**Task instructions**
The entire listing below is to be written out exactly, minus the pictures.

**Exercise data**
--- --- ---

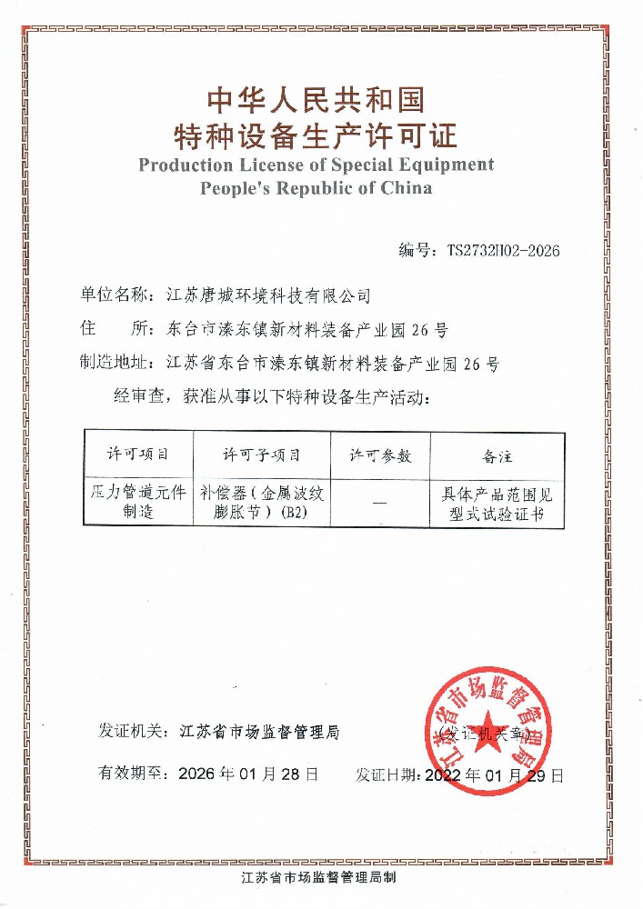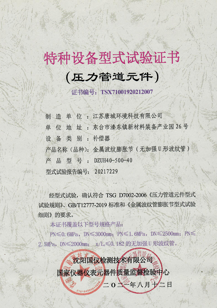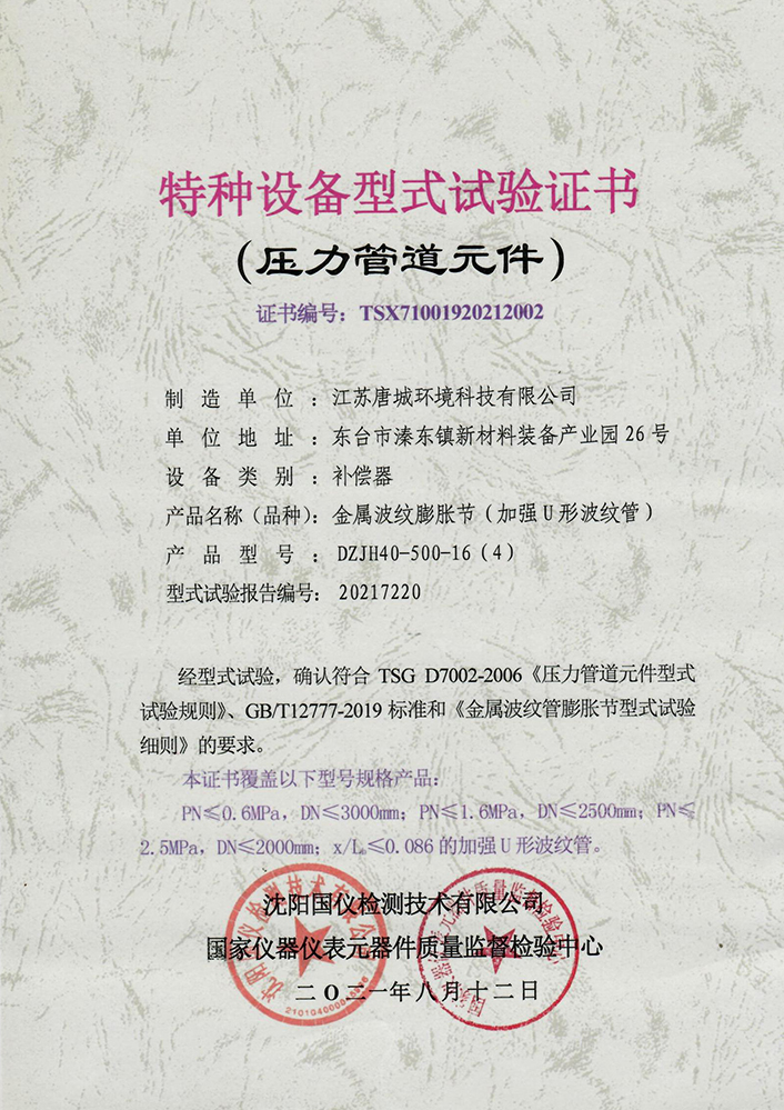 特種設備型式試驗證書-金屬波紋膨脹節(加強U形波紋管)
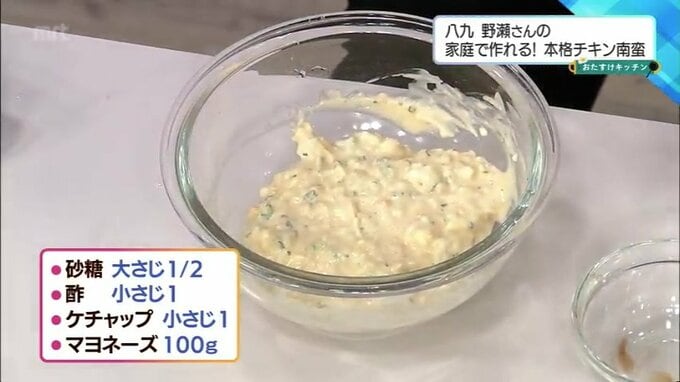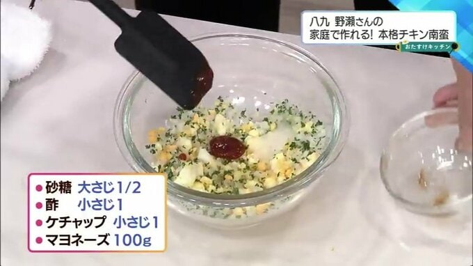 (4)残りの調味料(砂糖、酢、ケチャップ、マヨネーズ)を混ぜ合わせます。ケチャップを入れるのが「八九」流の隠し味です。
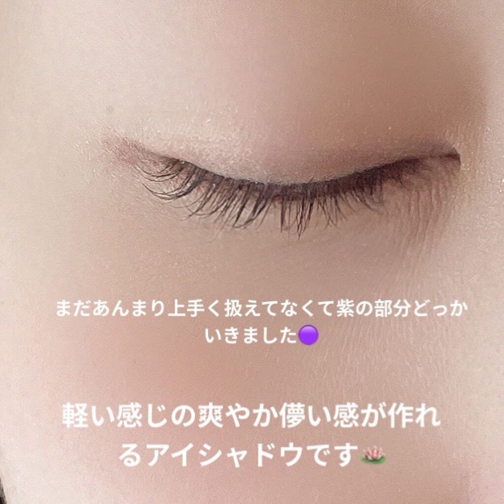 使い方を裏面に書いてあるものから大幅に間違えました。が、結果なんか良い感じになりました。 右上のオレンジを全面に使うことで重くなりすぎず夏っぽくなる気がします🍊 それぞれのラメのきらめきが上品で高級感があります👏 個性的な色の集合に見えて、重ねてみると良い感じに混ざってキレイな色味を作れるのが良いですね🫧🙌
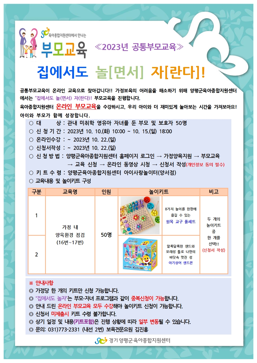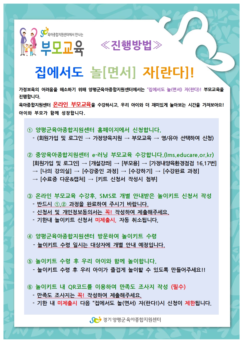 기타사항 | ◎ 가정당 한 개의 키트만 신청 가능합니다. ◎ “집에서도 놀자”는 부모-자녀 프로그램과 같이 중복신청이 가능합니다. ◎ 안내 드린 온라인 부모교육 모두 수강해야 놀이키트 신청이 가능합니다. ◎ 신청서 미제출시 키트 수령 불가합니다. ◎ 상기 일정 및 내용(키트포함)은 진행 상황에 띠라 일부 변동될 수 있습니다. |

--- --- ---

**The answer**
 特種設備型式試驗證書-金屬波紋膨脹節(加強U形波紋管)
 (4)残りの調味料(砂糖、酢、ケチャップ、マヨネーズ)を混ぜ合わせます。ケチャップを入れるのが「八九」流の隠し味です。
 使い方を裏面に書いてあるものから大幅に間違えました。が、結果なんか良い感じになりました。 右上のオレンジを全面に使うことで重くなりすぎず夏っぽくなる気がします🍊 それぞれのラメのきらめきが上品で高級感があります👏 個性的な色の集合に見えて、重ねてみると良い感じに混ざってキレイな色味を作れるのが良いですね🫧🙌
 기타사항 | ◎ 가정당 한 개의 키트만 신청 가능합니다. ◎ “집에서도 놀자”는 부모-자녀 프로그램과 같이 중복신청이 가능합니다. ◎ 안내 드린 온라인 부모교육 모두 수강해야 놀이키트 신청이 가능합니다. ◎ 신청서 미제출시 키트 수령 불가합니다. ◎ 상기 일정 및 내용(키트포함)은 진행 상황에 띠라 일부 변동될 수 있습니다. |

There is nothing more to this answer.